The Sunday Times recently published its annual School League Tables which tracks progression of students to third-level study from all 730 secondary schools in the Republic of Ireland.
The School League Tables continue to be a contentious issue – predominantly for one reason: schools are measured by a single criterion; a criterion which is only reflective of one aspect of any given school.
There is a certain cohort of parents who place a lot of weight on league tables in the decision making process when deciding on a school for their child. Opposing the league tables is an education system that loathes them; especially if you are one of those schools who does a plethora of work in getting disadvantaged students and students with special needs to the finishing line – the leaving cert. The School League Tables do not measure or rank such achievements. School League Tables highlight the schools that are successful in getting a high percentile of their students into third level but in doing so, they leave a huge amount of schools in the darkness of low rankings because of their league table standard of measurement.
In an article in the Irish Examiner, the Principal of Senior College Dun Laoghaire, Barry O’Callaghan expresses the concerns of many in the educational establishment that “League tables tell us nothing about those gone to apprenticeships, further education, agricultural, art, dance and other colleges; those happily gone to employment, those who cannot afford to go to university, those travelling the globe and those who have chosen to defer or terminate further academic progression.” He says such league tables are “placing huge pressure on teachers to teach exclusively to produce exam results; that instead of throwing a lifebelt to struggling schools is holding them underwater; is harming the teaching of sport, music and drama and is giving nervous breakdowns to top-performing schools lest they fall out of the top”.
There are parents and educators who are calling for a league table of schools that are not ranked solely on academic performance. They accept measuring the amount of students going on to higher education, could be one score attainable schools, should they wish to be graded in this way; but that other scores and rankings could come from the amount of school activities, school awards, pupil-teacher ratio, IT classes and information from student surveys, for example. These are the same parents who abhor the idea of their children being judged solely in terms of points, while their other qualities and achievements are ignored. Perhaps a solution to the inequities of The School League Tables is for schools to be free to provide alternative measurements or notes to qualify the results, or as suggested, for schools to opt out of being judged in a purely academic way.
Of course, in some cases, poor results can be traced to underperforming teachers (in the absence of special needs, disadvantaged students) and therefore league tables have the potential to flag problem schools and underachievement. There is a contingent of the media who continually campaign for incentives for good teaching with financial rewards. They base their argument on reports, including the recent OECD surveys of 15-year-olds in essential subjects of reading, maths and science since 2000, which reflected poorly on our educational output. Our ranking declined from 5th to 17th in reading skills and from 16th to 26th in maths.

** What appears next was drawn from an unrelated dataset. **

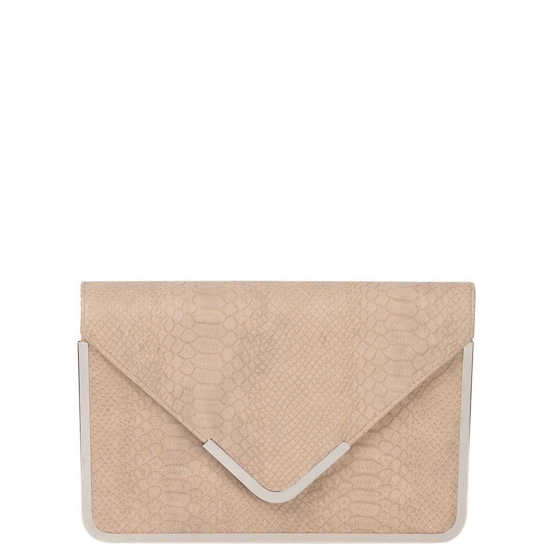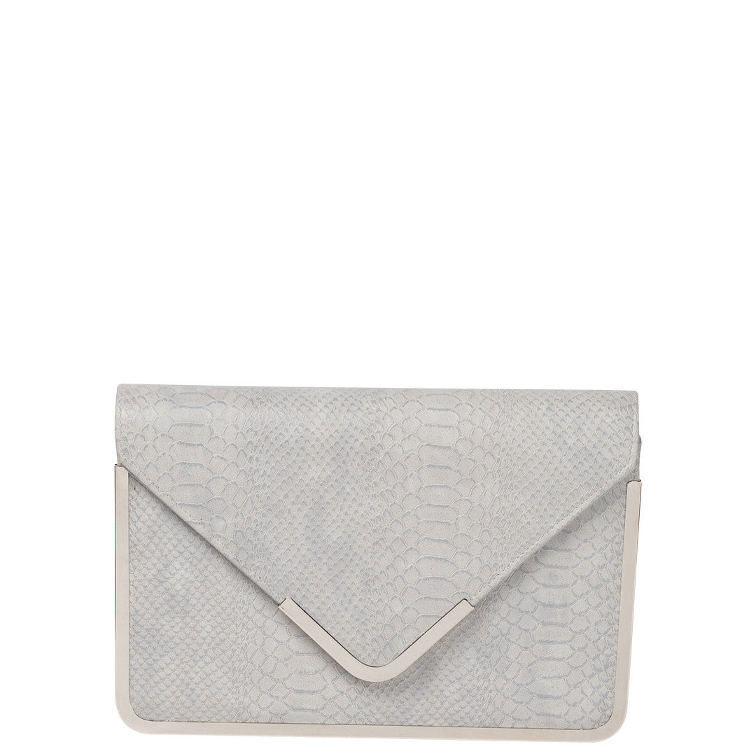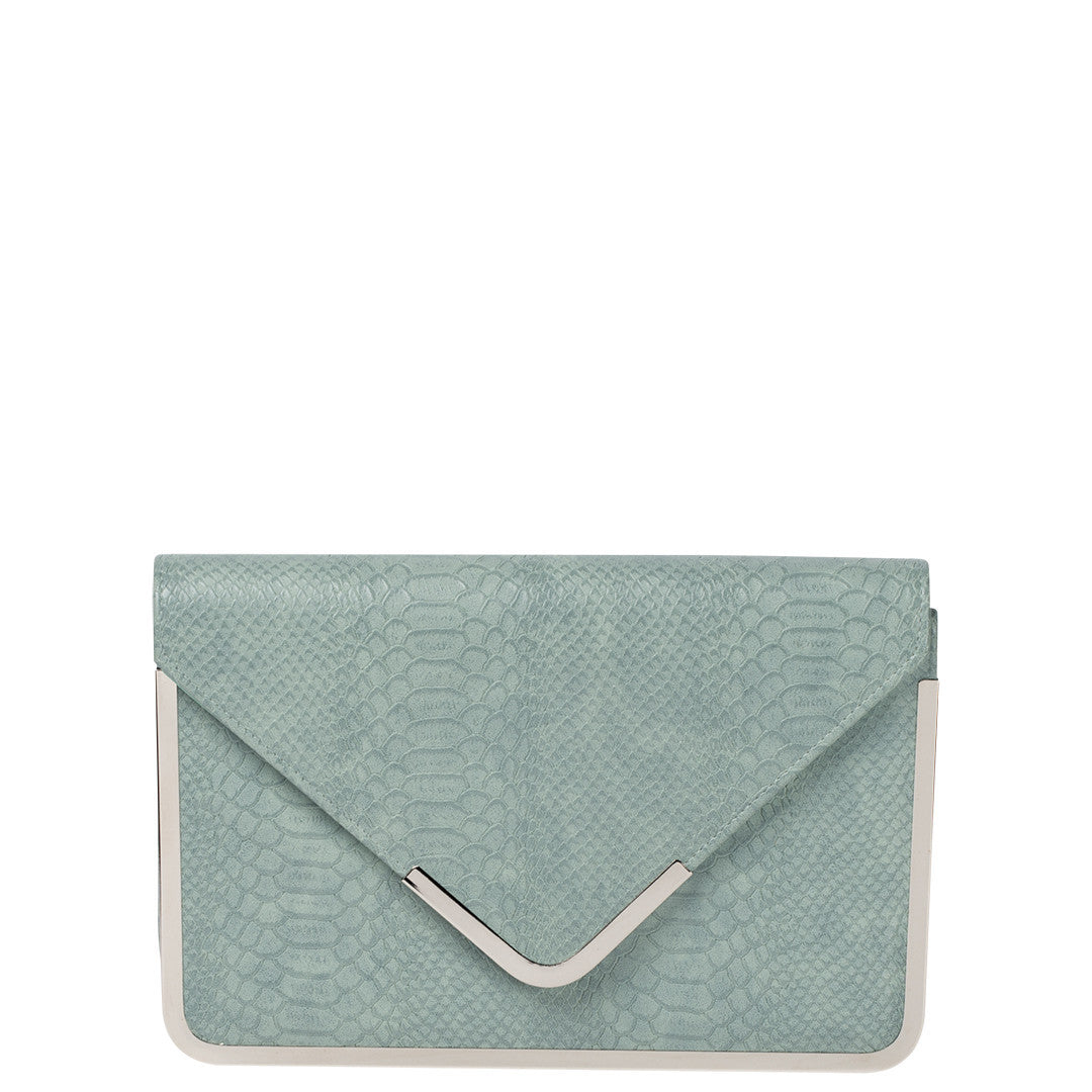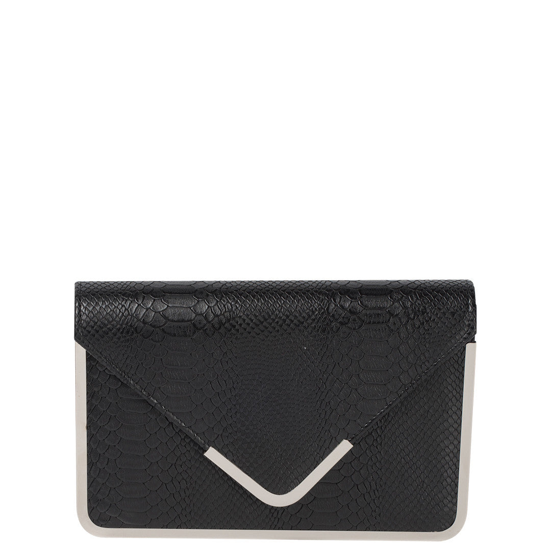 Kim is a leather, croc embossed envelop clutch with metallic band as trim detailing. Gorgeous on occasion or for those who desire a sophisticated accessory and comes with a shoulder chain strap.

Parents are entitled to the information provided by The School League tables, if this is the information they want. The solution from those denouncing league tables seems to be ‘no information’, which could lead to schools not being held accountable at all. There are many parents that will look to a school for a holistic balance in terms of the academic service and the personal service provided. There is the case that a school driven by points alone will neglect the other issues that a child faces on any given day: personal and social issues. Those schools perched at the top of the league tables necessarily won’t suit the needs of every child.
As human beings, we have the ability to possess up to nine difference intelligences; two of these intelligences explain why some people end up being more successful and happier than others. Inter and intrapersonal intelligences determine how well we get on with people and how we manage ourselves; both essential for personal and professional success. Neither of them are tested in our secondary school system.
The current points system and The School League Tables do exactly what they claim to do: they measure students and schools in terms of academic performance; one fact that it is worth keeping in mind when using these tables as a reference guide. Afterall, it is not a case of ‘are we intelligent?’ but ‘How we are intelligent’.